Taiwan Implements Four New Laws to Address Virtual Asset Fraud and Money Laundering

Taiwan’s Executive Yuan has given its approval to four new laws aimed at combatting fraud and strengthening anti-money laundering measures. The laws, published in a local newspaper called ‘abmedia’ under the title “New Four Laws to Combat Fraud,” seek to enhance the government’s ability to address various criminal activities, especially in the digital asset sector.

The four new laws, collectively known as the “New Four Laws to Combat Fraud,” consist of the Fraud Crime Harm Prevention Regulations, the Money Laundering Prevention Law, the Technology Investigation and Security Law, and the Communications Security and Supervision Law. Together, these laws provide a comprehensive approach to addressing issues related to fraud and money laundering.

One significant aspect of this legislation is the updated Money Laundering Prevention Law. It now includes stricter penalties for non-compliance and specifically targets virtual asset service providers (VASPs) that fail to adhere to the law. The updated law introduces new registration requirements and regulations for domestic and foreign currency dealers, as well as special money laundering crimes involving virtual asset and third-party payment accounts.

Failure to comply with the registration requirements may result in penalties of up to two years in prison for virtual asset service providers. Additionally, those found guilty of using virtual asset and third-party payment accounts for money laundering may face prison sentences ranging from six months to five years, along with fines of up to NT$50 million.

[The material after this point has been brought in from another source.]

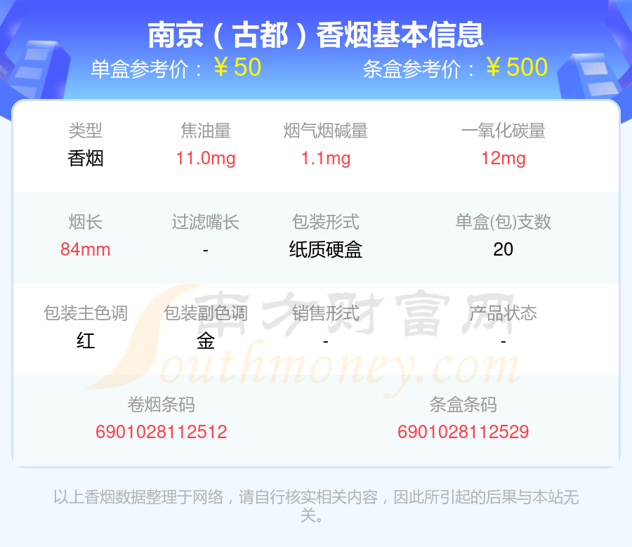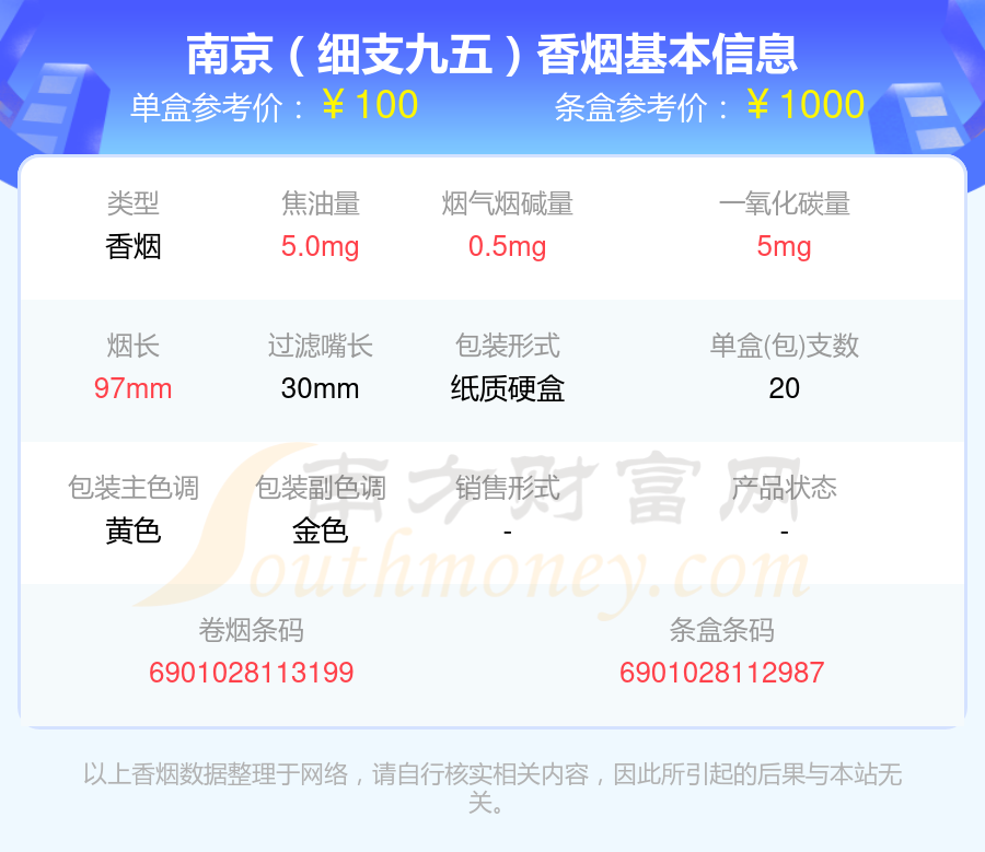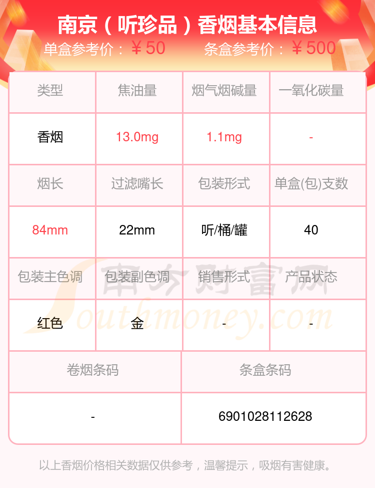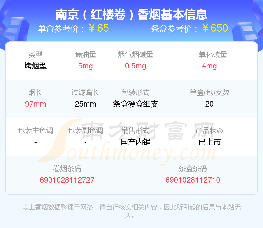 擇煙網(wǎng)為大家盤點(diǎn)了50~100元左右的南京香煙,分別有南京(紅樓卷)、南京(雨花石)、南京(雨花石細(xì)支)、南京(聽珍品)、南京(珍品)、南京(硬珍品)、南京(古都)、南京(九五)、南京(細(xì)支九五)、南京(軟九五)等,具體價(jià)格如下:

The updated law also imposes strict compliance rules on domestic and foreign currency dealers operating in Taiwan, necessitating appropriate company registration or the establishment of branches in the country.

The impact of these laws on the crypto world is significant. The Financial Supervisory Commission’s Deputy Chairman, Qiu Shuzhen, emphasized the FSC’s commitment to implementing strict supervision and internal control, including enhanced transparency. Twenty-five virtual currency exchanges have already submitted legal compliance statements for money laundering prevention.

The enactment of these laws demonstrates Taiwan’s determination to combat financial crime and protect the market. By imposing tighter regulations to prevent money laundering and fraud, the government aims to create a safer environment for virtual asset exchanges. As these regulations take effect, Taiwan can expect increased legal protection and market stability in the virtual asset domain.

Overall, the “Four Laws to Counter Fraud” represent a significant milestone in Taiwan’s efforts to combat financial crimes. The country is taking a proactive approach by strictly regulating virtual asset service providers and setting an example for other nations facing similar challenges. The enforcement of these laws will bring greater transparency to the virtual asset market and reduce risks associated with digital asset transactions.